Il s’agissait, pour l’Office national des sports (ONS), de tester un certain nombre d’équipement. Entre autres la pelouse, la sonorisation, l’éclairage, l’électricité, les écrans LED, les vestiaires, les zones d’échauffement et les équipements de sécurité incendie. Premier constat, en attendant les résultats complets des tests qui seront livrés à l’ONS par les experts, la pelouse est praticable.

« La pelouse est belle, le sol est plat, la balle roule bien », se réjouit Agoké, sociétaire du FC San Pedro. Avis partagé par son entraîneur. « La pelouse est très belle, l’éclairage est bon, c’est comme si on jouait dans la journée. Je remercie l’ONS qui nous a permis de participer à ce match test », a déclaré Jani Tarek à la fin du match.

Diabaté Bassiriki, Entraîneur du Racing Club, et ses joueurs ne disent pas autre chose. « C’est l’une des plus belles pelouses d’Afrique, il n’y a pas de faux rebonds », pensent-ils.

Pour François Alla Yao, directeur de Cabinet au ministère des Sports, l’avis des athlètes et encadreurs des deux équipes est le plus important. « Ce sont eux qui l’utilisent. Le rapport qu’ils vont nous faire, les difficultés rencontrées dans l’utilisation de cette pelouse, vont nous permettre de créer les conditions d’une amélioration parce que c’est pour eux que nous travaillons », a-t-il indiqué.

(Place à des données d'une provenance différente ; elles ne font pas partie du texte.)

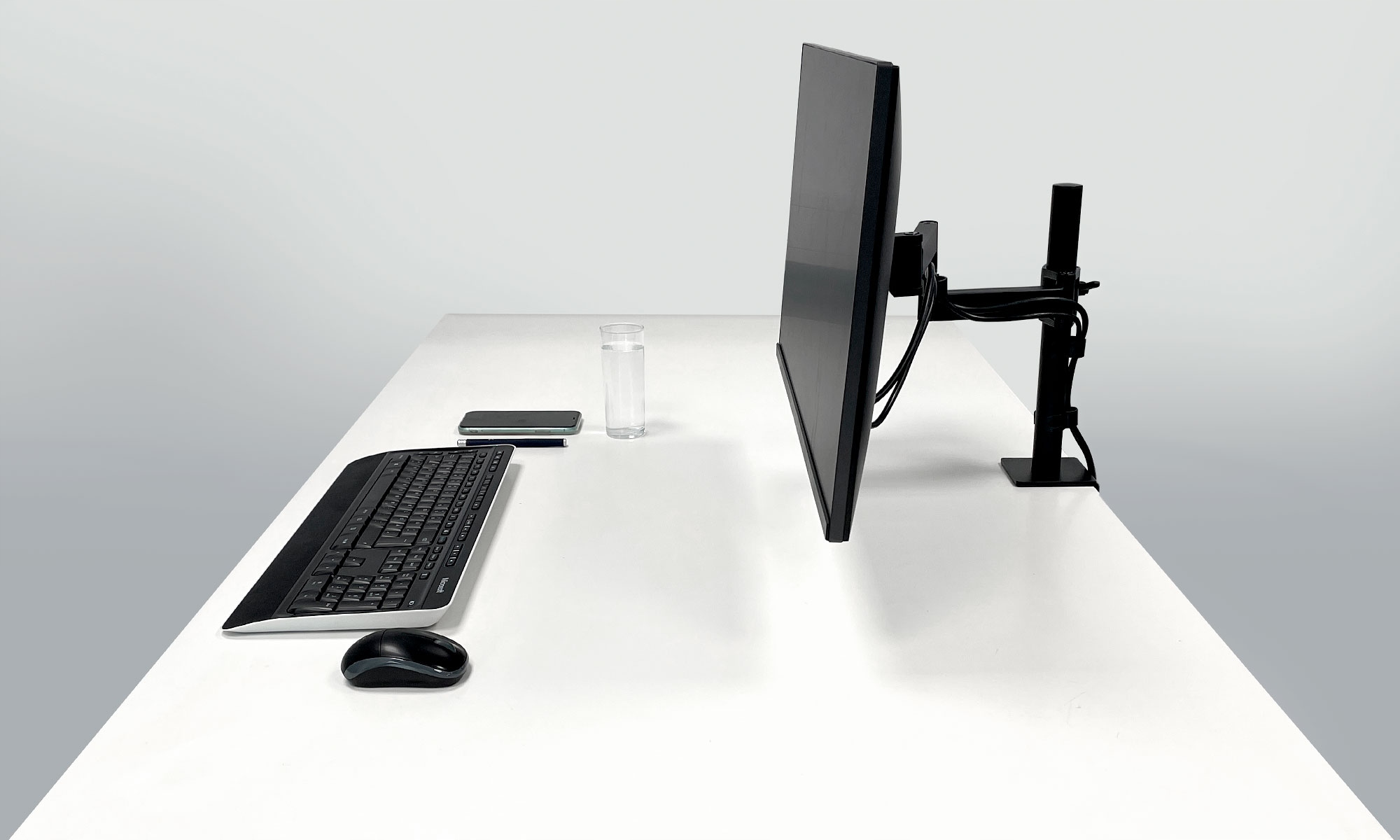 З X1 заплутані кабелі навколо моніторів залишилися в минулому. Кабелі можна просто носити паралельно руці та підвішувати в кабельних каналах. Таким чином вони зникають із видимої області та забезпечують охайний загальний вигляд.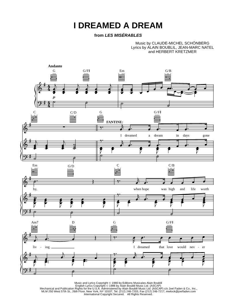 I dreamed a dream in days gone by, when hope was high and life worth living. |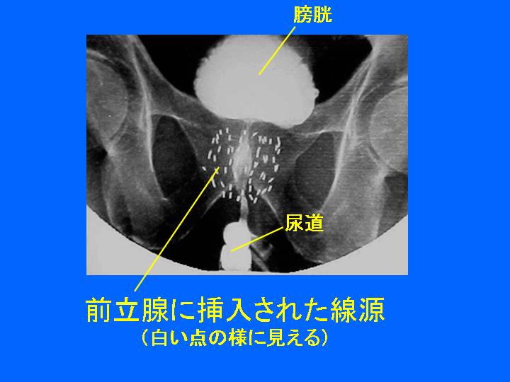 泌尿器科医・放射線治療医・麻酔科医の連携、放射線治療と管理のための装置や治療病棟が必要なので、本治療を実施できる病院は限られる。アメリカでは1980年代から行われて、現在では根治的前立腺摘除術に匹敵する数の患者さんが本治療を受けている。シードを体内に持つ患者さんが町中を歩き回ることになるが、シードの放射線は極めてエネルギーが低く、たとえ患者さんのすぐ横に立っても被曝は全くといってよいほどない。このように周囲の放射線被曝という点でも十分安全な治療法であるが、放射線規制の厳しい日本ではなかなか実施できず、2003年にようやく認可された。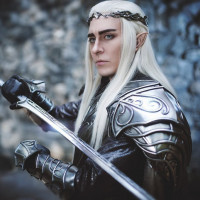 The image features an individual dressed in a costume that resembles the character of Legolas from "The

Quant à la directrice générale de l’ONS, Koné Mariame-Yoda, elle a affiché sa satisfaction  au terme de ce match-test. « Le test s’est bien déroulé. Les techniciens étaient présents, ils vont se retrouver après pour faire le point », a-t-elle déclaré. Le score du match, 3-0 en faveur du FC San Pedro, lui, ne sera qu’anecdotique.

En dehors du stade, il y a aussi la cité olympique à construire. Le mercredi 19 août dernier, l’étude préliminaire pour sa réalisation a été présentée, lors d’une vidéo-conférence entre le ministère des Sports, le Bureau national des études techniques et du développement (BNETD) et le partenaire marocain Jesa et sera mise à profit pour son rayonnement afin de faire l’environnement du stade une belle cité olympique.

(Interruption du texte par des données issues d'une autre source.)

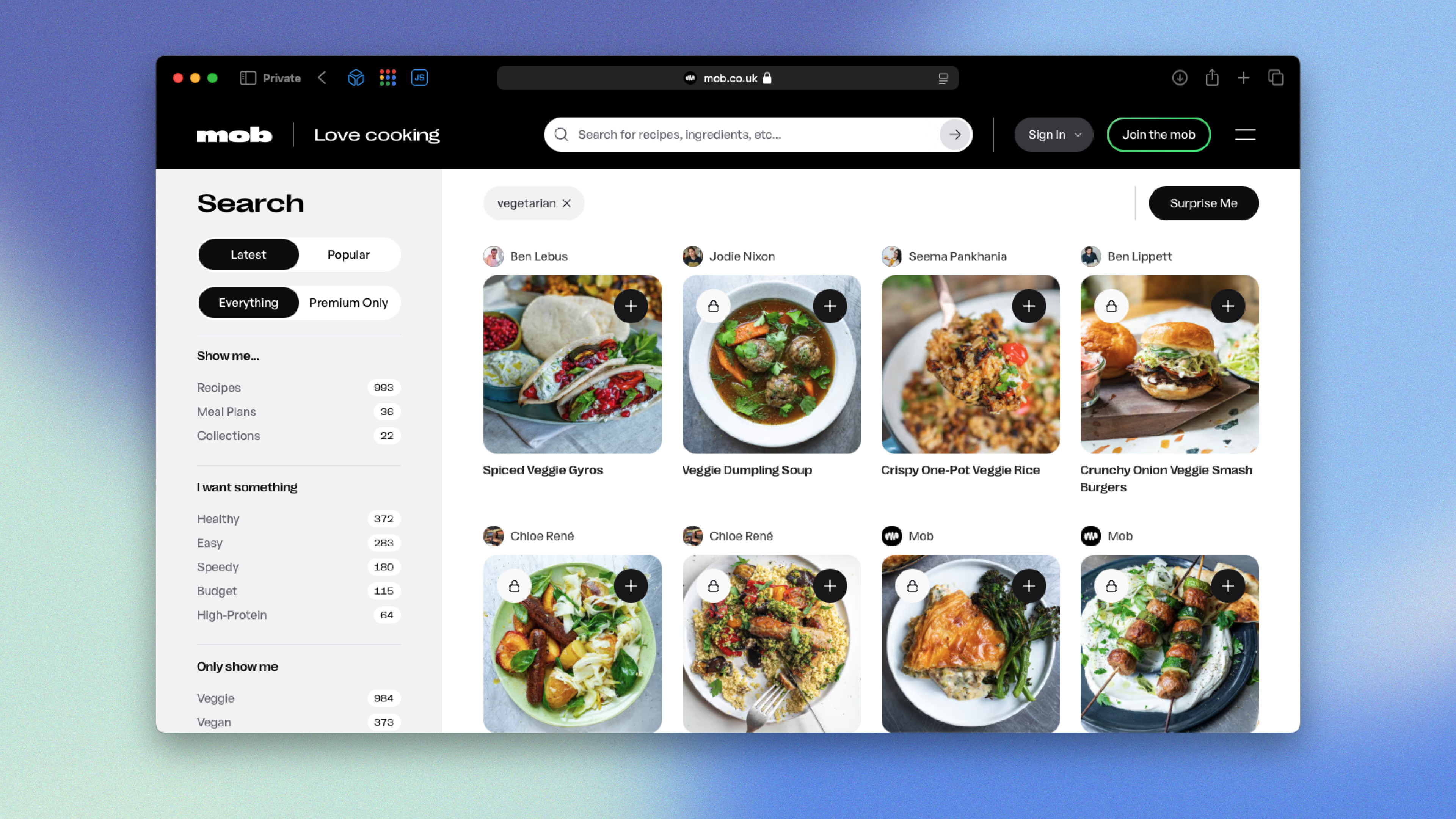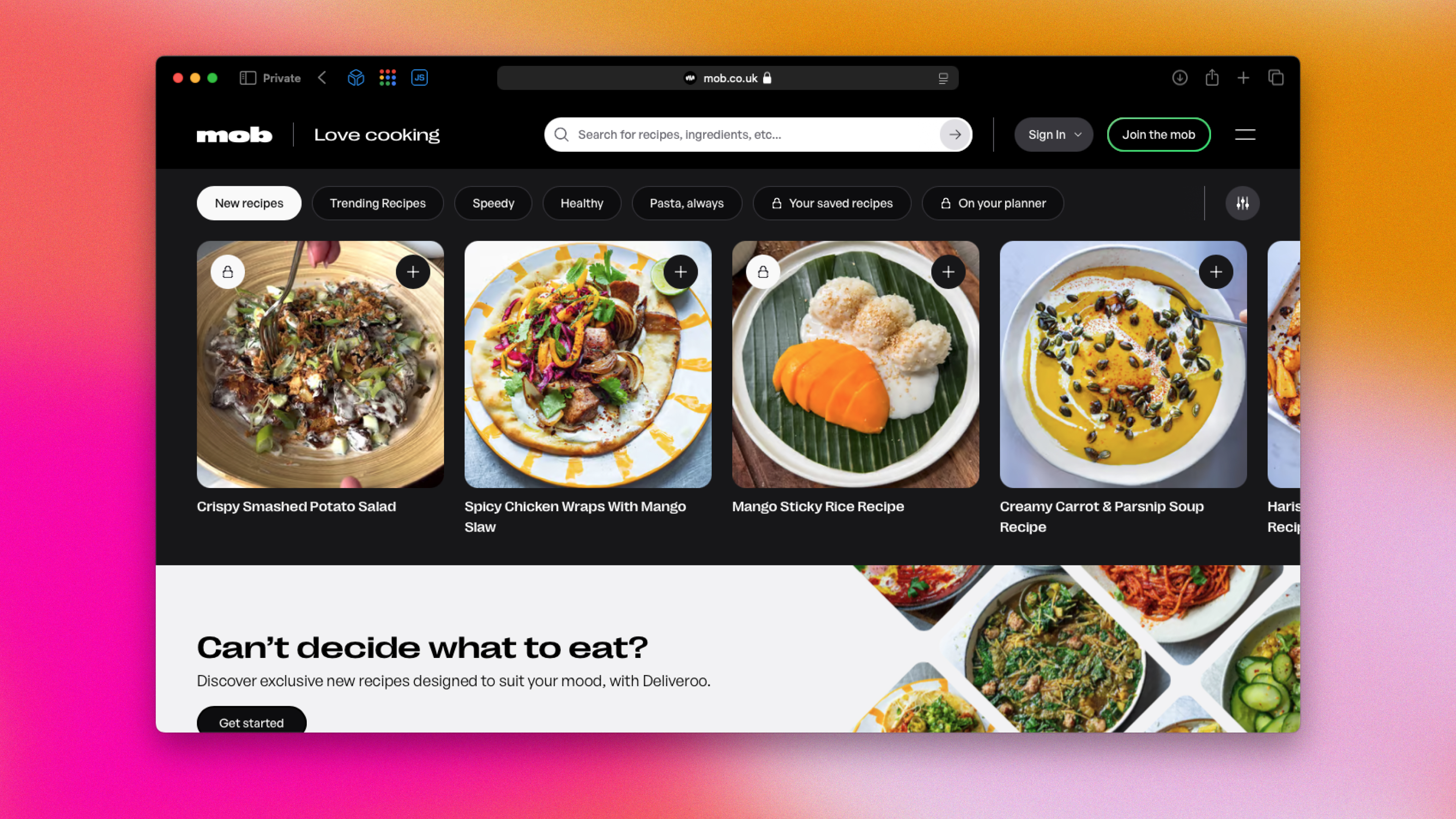 Art direction and UI design for Mob, a food platform spanning recipes, video and subscription content. Led the visual language for the refreshed website and app, including the Mob+ subscription experience, from early concepts through to shipped UI and rollout assets.

Cette cité comprendra plusieurs bâtiments en hauteur, une piscine olympique, un autre terrain de football-rugby avec un vélodrome, un hôtel 4 étoiles, un centre d’entraînement, un hôpital des sportifs, un centre de recherche en médecine du sport, des centres commerciaux (hypermarchés), un auditorium de 5000 places, des bâtiments pour les services administratifs, un héliport et un musée sportif.

Qu’en est-il des stades de Bouaké, Yamoussoukro, San Pedro et Korhogo ?

Au Stade de la paix de Bouaké en rénovation, les travaux se poursuivent et sont achevés à 56%. Les quatre terrains d’entraînements sont construits à 38%. La cité CAN n’est pas en reste. Le chantier avance bien. On annonce 58% du travail accompli. A Yamoussoukro, au 27 août dernier, le stade était à 61%  de son taux de réalisation. Les travaux des quatre terrains d’entraînements (au Lycée scientifique, INPHB centre, INPHB Sud et le terrain de l’hôtel Parlementaire délocalisé sur le site du stade de Yamoussoukro) sont avancés à 65%

À San Pedro aussi, les chantiers progressent. Les travaux du stade de 20.000 places en construction, la cité CAN et les quatre terrains d’entraînements (2 stades Auguste Denise, Lycée Municipal et le lycée professionnel) progressent.  Concernant le stade, le coulage de gradins et le premier palier de la loge VIP ont été entamés depuis des semaines. Pour ce qui est de la cité CAN, les gros œuvres sont terminés depuis. A Korhogo aussi, on avance bien. Les différents chantiers ont démarré depuis et se poursuivent.

Comme on le voit, malgré la COVID-19, les chantiers des infrastructures sportives pour la CAN 2023 ne connaissent pas de pause. La Côte d’Ivoire est décidée à respecter les délais fixés par la Confédération africaine de football (CAF).